Пьер ехал, оглядываясь по обе стороны дороги, отыскивая знакомые лица и везде встречая только незнакомые военные лица разных родов войск, одинаково с удивлением смотревшие на его белую шляпу и зеленый фрак.
Проехав версты четыре, он встретил первого знакомого и радостно обратился к нему. Знакомый этот был один из начальствующих докторов в армии. Он в бричке ехал навстречу Пьеру, сидя рядом с молодым доктором, и, узнав Пьера, остановил своего казака, сидевшего на козлах вместо кучера.
– Граф! Ваше сиятельство, вы как тут? – спросил доктор.
– Да вот хотелось посмотреть…
– Да, да, будет что посмотреть…
Пьер слез и, остановившись, разговорился с доктором, объясняя ему свое намерение участвовать в сражении.
Доктор посоветовал Безухову прямо обратиться к светлейшему.
– Что же вам бог знает где находиться во время сражения, в безызвестности, – сказал он, переглянувшись с своим молодым товарищем, – а светлейший все таки знает вас и примет милостиво. Так, батюшка, и сделайте, – сказал доктор.
Доктор казался усталым и спешащим.
– Так вы думаете… А я еще хотел спросить вас, где же самая позиция? – сказал Пьер.
– Позиция? – сказал доктор. – Уж это не по моей части. Проедете Татаринову, там что то много копают. Там на курган войдете: оттуда видно, – сказал доктор.
– И видно оттуда?.. Ежели бы вы…
Но доктор перебил его и подвинулся к бричке.
– Я бы вас проводил, да, ей богу, – вот (доктор показал на горло) скачу к корпусному командиру.
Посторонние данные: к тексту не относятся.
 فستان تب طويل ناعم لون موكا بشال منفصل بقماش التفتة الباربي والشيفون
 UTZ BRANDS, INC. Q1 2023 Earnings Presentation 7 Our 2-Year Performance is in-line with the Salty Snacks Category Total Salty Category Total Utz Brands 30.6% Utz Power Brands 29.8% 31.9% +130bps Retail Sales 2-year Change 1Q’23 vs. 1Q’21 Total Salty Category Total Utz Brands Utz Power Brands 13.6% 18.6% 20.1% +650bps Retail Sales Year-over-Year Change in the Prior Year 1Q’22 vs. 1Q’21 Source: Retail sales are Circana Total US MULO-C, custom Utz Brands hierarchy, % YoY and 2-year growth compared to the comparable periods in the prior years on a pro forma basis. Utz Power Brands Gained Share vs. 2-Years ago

Ведь у нас как?.. Вы знаете, граф, завтра сражение: на сто тысяч войска малым числом двадцать тысяч раненых считать надо; а у нас ни носилок, ни коек, ни фельдшеров, ни лекарей на шесть тысяч нет. Десять тысяч телег есть, да ведь нужно и другое; как хочешь, так и делай.
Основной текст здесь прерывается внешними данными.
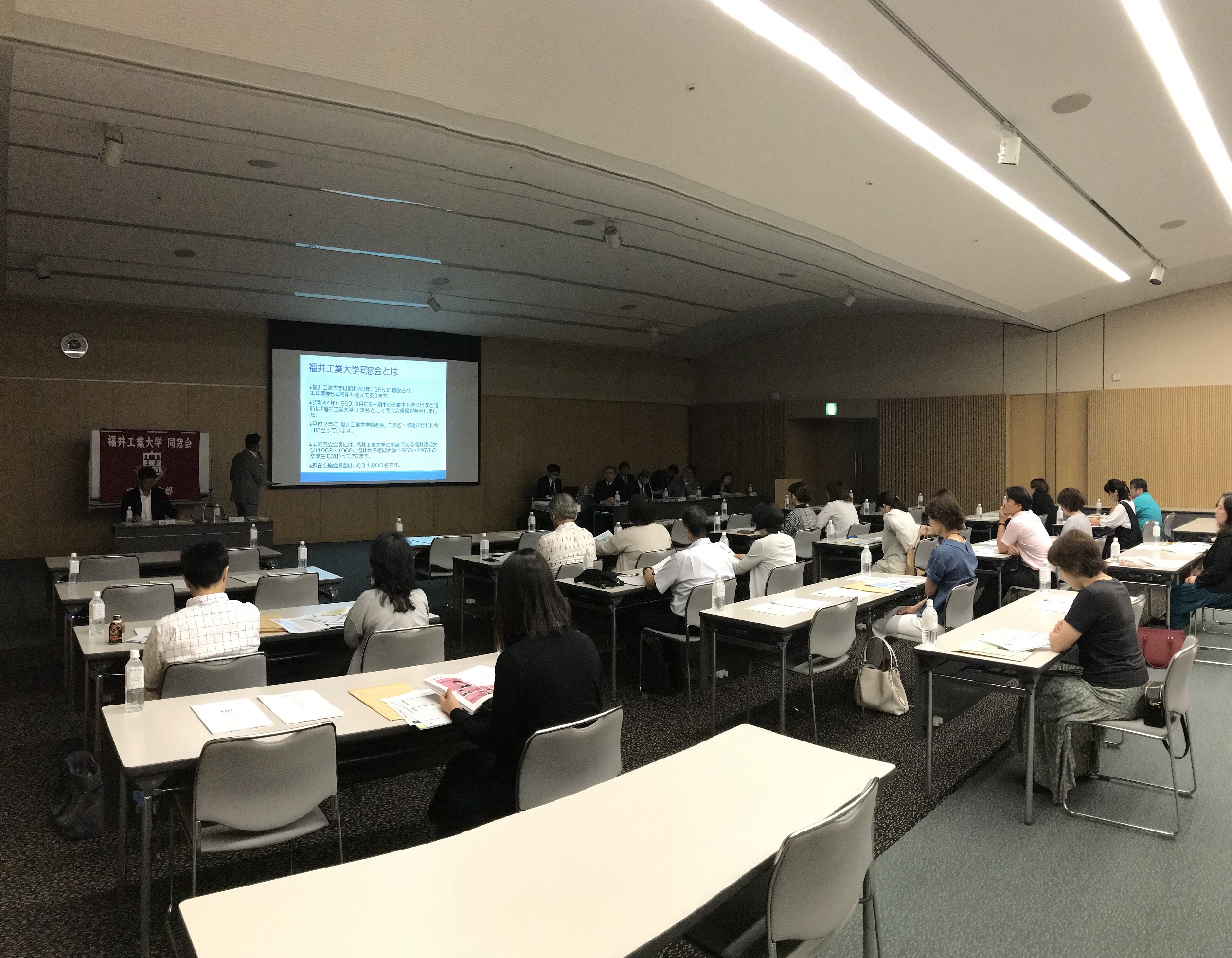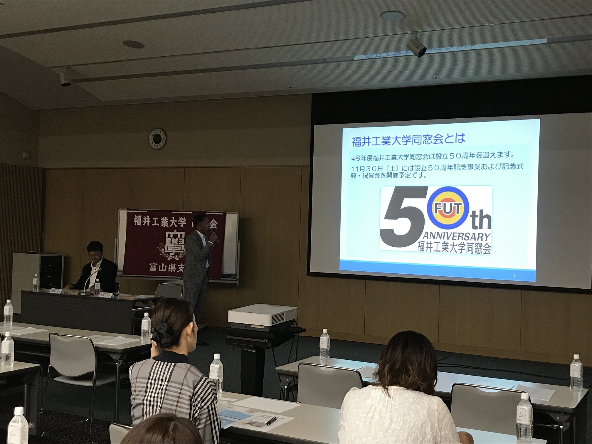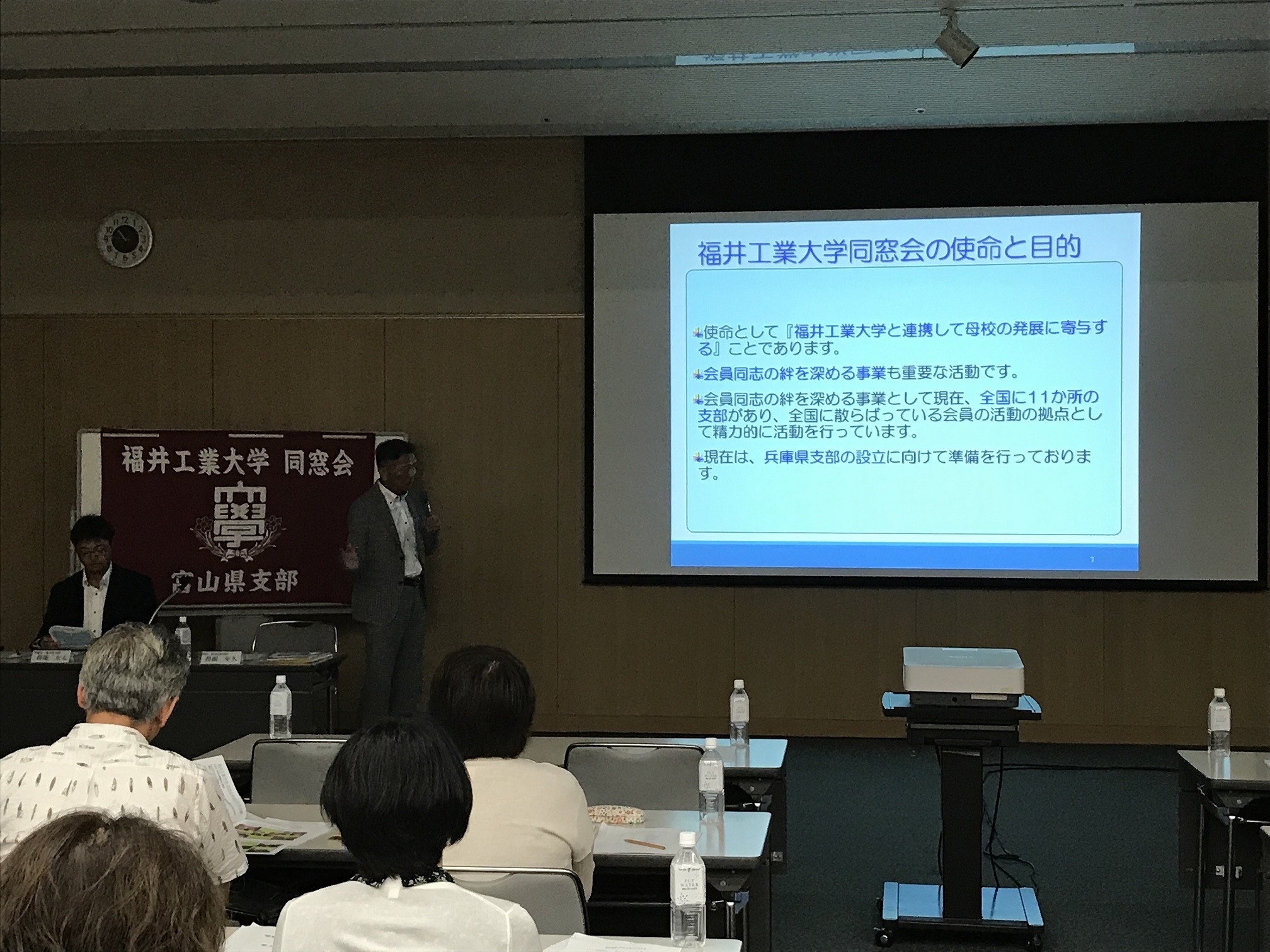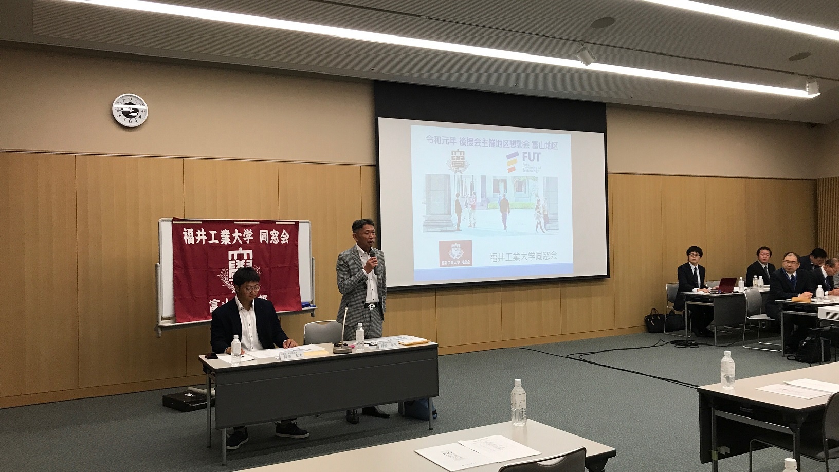 2019年6月30日(日)富山国際会議場(富山県)にて開催されました「福井工業大学後援会主催地区懇談会(富山会場)」において、同窓会富山県支部より得能支部長、富山県支部会員(得能友太 氏)ら2名が出席しました。 大学からの教育の現状報告がなされた後、同窓会を代表して得能支部長が資料を基に福井工業大学同窓会及び富山県支部について紹介され、同窓会会員の状況や各支部活動について説明されました。懇親会では昼食を交えながら出席者全員での懇談があり、会話も弾む和やかな会となりました。

Та странная мысль, что из числа тех тысяч людей живых, здоровых, молодых и старых, которые с веселым удивлением смотрели на его шляпу, было, наверное, двадцать тысяч обреченных на раны и смерть (может быть, те самые, которых он видел), – поразила Пьера.
Они, может быть, умрут завтра, зачем они думают о чем нибудь другом, кроме смерти? И ему вдруг по какой то тайной связи мыслей живо представился спуск с Можайской горы, телеги с ранеными, трезвон, косые лучи солнца и песня кавалеристов.
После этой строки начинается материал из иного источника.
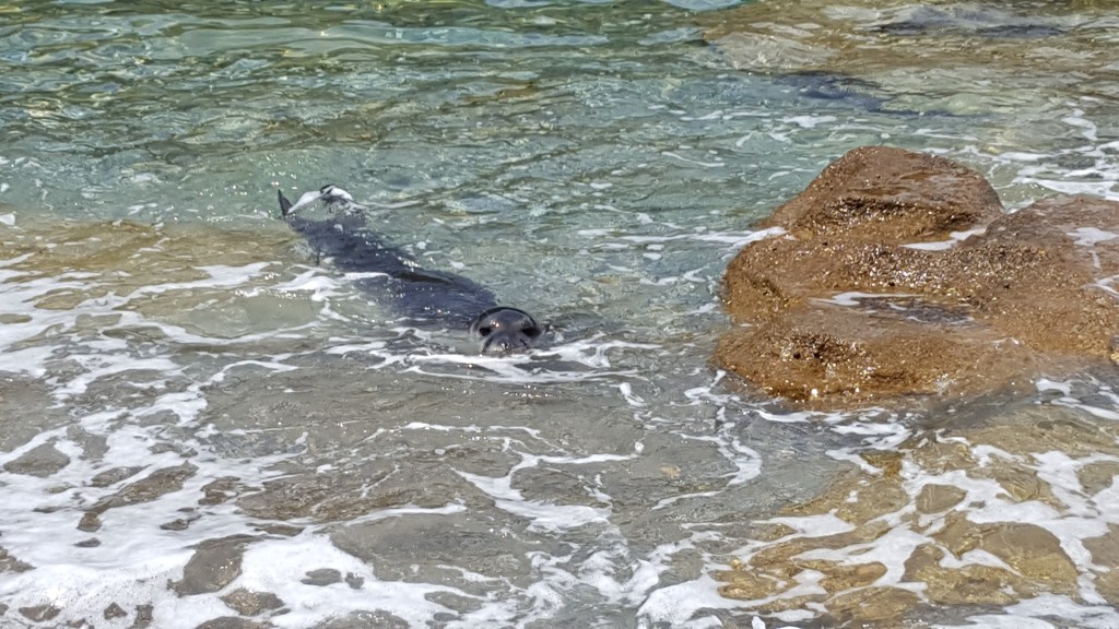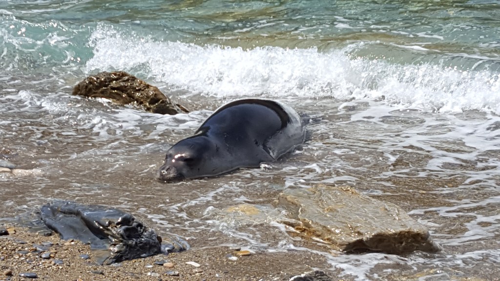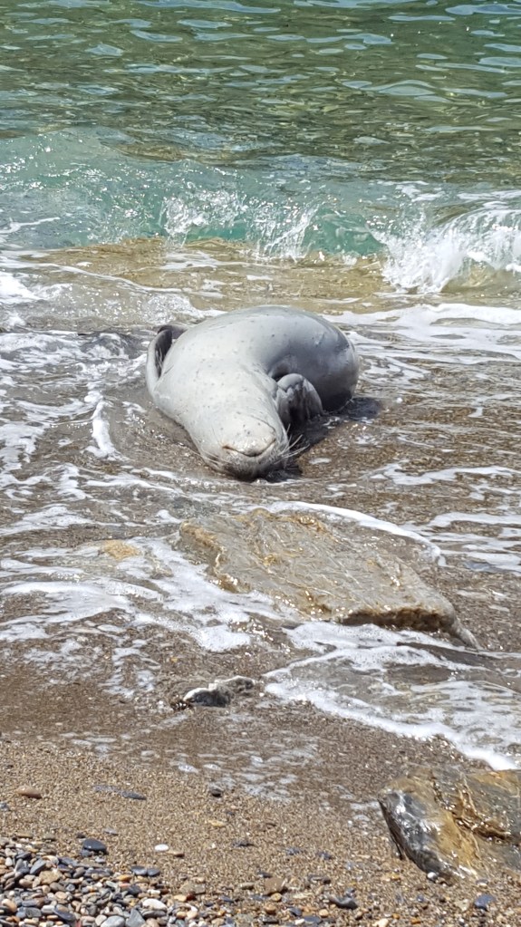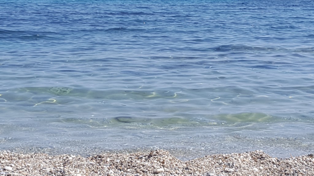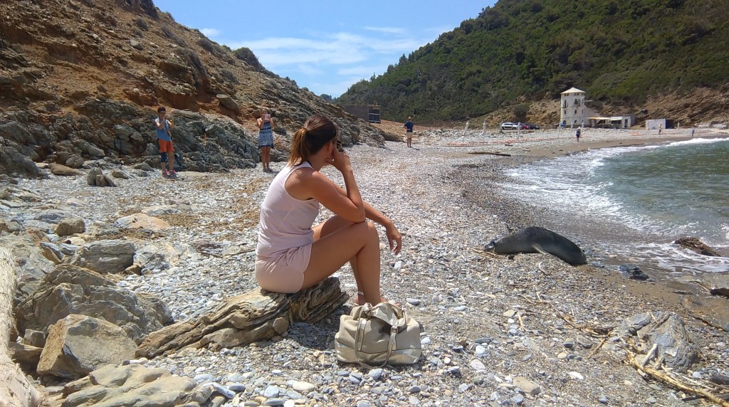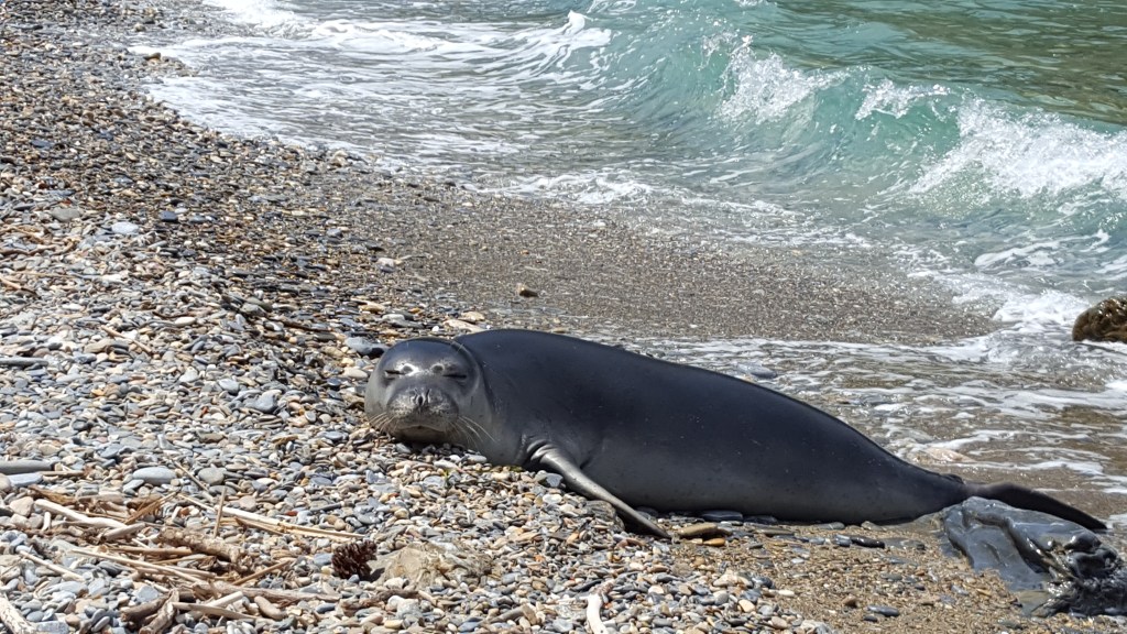 Na het ontbijt gaan we op pad. Vandaag willen we een leuk strandje vinden om te zwemmen. Onze eerste stop is Tsoukalia Beach. Niet omdat dit een geweldig strand is, maar omdat ik een pijl had gezien met ‘archeological excavation’. Nu moet je weten, als ik dergelijke pijl zie, dan ben ik niet te houden en wil ik kost wat kost tot bij de opgraving komen. Dat dat in Griekenland niet altijd even vanzelfsprekend is, zullen sommigen van jullie misschien wel weten. En dat je soms ook helemaal geen ‘archeological excavation’ vindt ook. Zoals nu dus. Ik speur heel het terrein af, maar zie nergens een overblijfsel, een zuil of een stuk steen dat er ook maar een beetje kan op wijzen. Ik zie enkel een windmolen. Hoewel deze waarschijnlijk ook al een beetje oud is, kan het niet dit zijn wat bedoeld werd. Een beetje teleurgesteld wandel ik langs het keienstrand. Tot mijn reisgenoot ineens uitroept: ‘Kijk daar, een zeehond!’ ‘Wat?’ roep ik terug, zijn woorden niet goed horend door de felle wind. ‘Een zeehond!’

«Кавалеристы идут на сраженье, и встречают раненых, и ни на минуту не задумываются над тем, что их ждет, а идут мимо и подмигивают раненым. А из этих всех двадцать тысяч обречены на смерть, а они удивляются на мою шляпу! Странно!» – думал Пьер, направляясь дальше к Татариновой.
У помещичьего дома, на левой стороне дороги, стояли экипажи, фургоны, толпы денщиков и часовые. Тут стоял светлейший. Но в то время, как приехал Пьер, его не было, и почти никого не было из штабных. Все были на молебствии. Пьер поехал вперед к Горкам.
Въехав на гору и выехав в небольшую улицу деревни, Пьер увидал в первый раз мужиков ополченцев с крестами на шапках и в белых рубашках, которые с громким говором и хохотом, оживленные и потные, что то работали направо от дороги, на огромном кургане, обросшем травою.
Одни из них копали лопатами гору, другие возили по доскам землю в тачках, третьи стояли, ничего не делая.
Два офицера стояли на кургане, распоряжаясь ими. Увидав этих мужиков, очевидно, забавляющихся еще своим новым, военным положением, Пьер опять вспомнил раненых солдат в Можайске, и ему понятно стало то, что хотел выразить солдат, говоривший о том, что всем народом навалиться хотят. Вид этих работающих на поле сражения бородатых мужиков с их странными неуклюжими сапогами, с их потными шеями и кое у кого расстегнутыми косыми воротами рубах, из под которых виднелись загорелые кости ключиц, подействовал на Пьера сильнее всего того, что он видел и слышал до сих пор о торжественности и значительности настоящей минуты.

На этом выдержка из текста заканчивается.